Mordukh Primak: The Man Who Really Loved Optimization (and Many Other Things)

By Doron Zeilberger

Department of Mathematics, Temple University, Philadelphia, PA 19122, USA.

[Also Appeared in Temple University Mathematical Monthly, v. 2(1999), Issue 5, 24 Feb., 1999.]

Written: Feb. 20, 1999.

The wonderful medium of E-Mail also has its downside. It delivers bad news so fast, without any preambles. Like all of us, I got the message, on Feb. 17, 1999, that Mordukh Primak just died. This was really such a shock. Mordukh was more alive than any of us. So full of life and love of mathematics. Of course, we all love mathematics, but in most of us it does not show so much. In Mordukh you can sense his genuine enthusiasm, and his brilliant, creative mind. He had such a knack for expressing things in the simplest possible way (but not simpler), and he was such a brilliant lecturer. I know that he was also a great teacher, perhaps better than any of us.

I will never forget his brilliant, lucid, and very stimulating lectures. Erdos called lecturing `preaching', but most of us, Erdos included, are pretty bad preachers. Now, Mordukh was really a great preacher. In fact he did not lecture, but almost shouted. And the math was so beautiful, and deceptively simple. It was thanks to him that I first learned about the Nash Equilibrium. He had a very elegant approach to it.

Another lecture that I remember less vividly, but that nevertheless was very stimulating, was his extension of work of Don Newman, that lead later to their joint article.

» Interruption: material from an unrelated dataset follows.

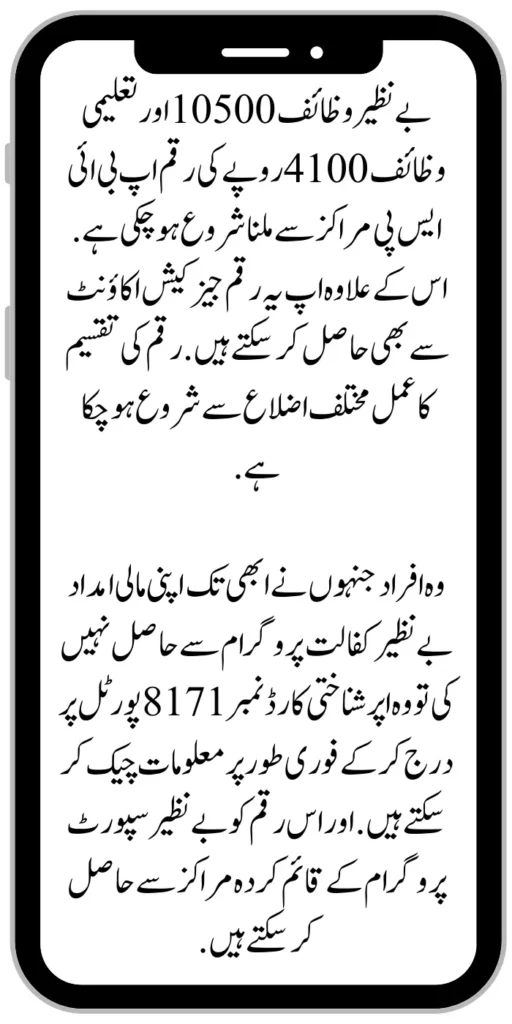 Those people who have not yet received their financial assistance from the Benazir Kafalat program can check the information immediately by entering the upper ID card number 8171 on the portal. This amount can be obtained from the centres established by the Benazir Support Program.
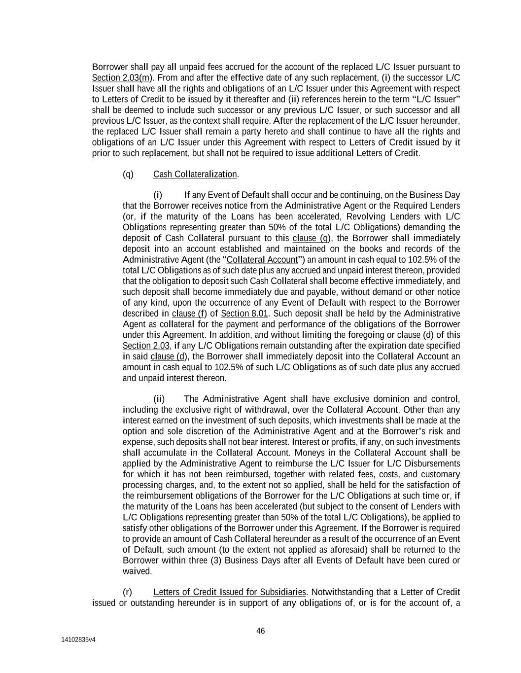 46 14102835v4 Borrower shall pay all unpaid fees accrued for the account of the replaced L/C Issuer pursuant to Section 2.03(m). From and after the effective date of any such replacement, (i) the successor L/C Issuer shall have all the rights and obligations of an L/C Issuer under this Agreement with respect to Letters of Credit to be issued by it thereafter and (ii) references herein to the term “L/C Issuer” shall be deemed to include such successor or any previous L/C Issuer, or such successor and all previous L/C Issuer, as the context shall require. After the replacement of the L/C Issuer hereunder, the replaced L/C Issuer shall remain a party hereto and shall continue to have all the rights and obligations of an L/C Issuer under this Agreement with respect to Letters of Credit issued by it prior to such replacement, but shall not be required to issue additional Letters of Credit. (q) Cash Collateralization. (i) If any Event of Default shall occur and be continuing, on the Business Day that the Borrower receives notice from the Administrative Agent or the Required Lenders (or, if the maturity of the Loans has been accelerated, Revolving Lenders with L/C Obligations representing greater than 50% of the total L/C Obligations) demanding the deposit of Cash Collateral pursuant to this clause (q), the Borrower shall immediately deposit into an account established and maintained on the books and records of the Administrative Agent (the “Collateral Account”) an amount in cash equal to 102.5% of the total L/C Obligations as of such date plus any accrued and unpaid interest thereon, provided that the obligation to deposit such Cash Collateral shall become effective immediately, and such deposit shall become immediately due and payable, without demand or other notice of any kind, upon the occurrence of any Event of Default with respect to the Borrower described in clause (f) of Section 8.01. Such deposit shall be held by the Administrative Agent as collateral for the payment and performance of the obligations of the Borrower under this Agreement. In addition, and without limiting the foregoing or clause (d) of this Section 2.03, if any L/C Obligations remain outstanding after the expiration date specified in said clause (d), the Borrower shall immediately deposit into the Collateral Account an amount in cash equal to 102.5% of such L/C Obligations as of such date plus any accrued and unpaid interest thereon. (ii) The Administrative Agent shall have exclusive dominion and control, including the exclusive right of withdrawal, over the Collateral Account. Other than any interest earned on the investment of such deposits, which investments shall be made at the option and sole discretion of the Administrative Agent and at the Borrower’s risk and expense, such deposits shall not bear interest. Interest or profits, if any, on such investments shall accumulate in the Collateral Account. Moneys in the Collateral Account shall be applied by the Administrative Agent to reimburse the L/C Issuer for L/C Disbursements for which it has not been reimbursed, together with related fees, costs, and customary processing charges, and, to the extent not so applied, shall be held for the satisfaction of the reimbursement obligations of the Borrower for the L/C Obligations at such time or, if the maturity of the Loans has been accelerated (but subject to the consent of Lenders with L/C Obligations representing greater than 50% of the total L/C Obligations), be applied to satisfy other obligations of the Borrower under this Agreement. If the Borrower is required to provide an amount of Cash Collateral hereunder as a result of the occurrence of an Event of Default, such amount (to the extent not applied as aforesaid) shall be returned to the Borrower within three (3) Business Days after all Events of Default have been cured or waived. (r) Letters of Credit Issued for Subsidiaries. Notwithstanding that a Letter of Credit issued or outstanding hereunder is in support of any obligations of, or is for the account of, a

He was also a very careful reader. He read very carefully my article with Aaron Robertson about Schur triples, and found a gap! And that was after the paper has already appeared. Luckily, Aaron could fix it, but it wasn't easy, and it made the paper much longer. More important, he had a very novel approach to the same problem, that could, and should, lead to far-reaching generalizations. Too bad that we'll never see them.

He also had beautiful stories to tell. He told me about Falikman, the co-prover of the van der Waerden conjecture, and how, mysteriously, his proof was delayed publication by the referee, and when it was finally accepted for publication an independent proof was also published, by Egorichev. This could not have happened nowadays, when priority can be easily established by submitting to the Los Alamos XXX archives.

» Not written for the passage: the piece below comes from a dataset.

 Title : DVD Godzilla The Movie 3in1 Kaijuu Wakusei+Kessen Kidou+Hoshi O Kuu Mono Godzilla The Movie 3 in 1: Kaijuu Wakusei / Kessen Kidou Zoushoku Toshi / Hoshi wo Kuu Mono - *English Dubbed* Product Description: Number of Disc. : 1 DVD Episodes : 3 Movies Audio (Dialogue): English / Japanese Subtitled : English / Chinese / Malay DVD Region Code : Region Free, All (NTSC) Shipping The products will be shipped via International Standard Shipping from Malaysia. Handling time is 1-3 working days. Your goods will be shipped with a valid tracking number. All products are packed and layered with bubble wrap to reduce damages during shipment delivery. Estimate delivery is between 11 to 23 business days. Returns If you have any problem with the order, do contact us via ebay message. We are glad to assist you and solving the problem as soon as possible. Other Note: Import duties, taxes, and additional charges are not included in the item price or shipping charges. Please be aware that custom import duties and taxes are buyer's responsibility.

This is not the time to blame anyone, but I believe that Temple University's Math Dept. should have hired him as a full-time, tenured, professor, and overlook the, usually wise, policy, not to hire anyone who started out as a visiting professor. But, then again, we got a great deal. For the price of a visiting appointment, and later even only of an adjunct position, we got someone who did the work of at least five full professors. He almost single-handedly lead the Operations Research and Optimization program, and, largely thanks to him, kept the applied math program going.

At the same time, his research was flourishing, and he had more than fifty articles mentioned in Math Reviews, and probably many others.

And in addition, he was such a nice person! I am sure that none of us will ever forget him, and all our memories are very fond.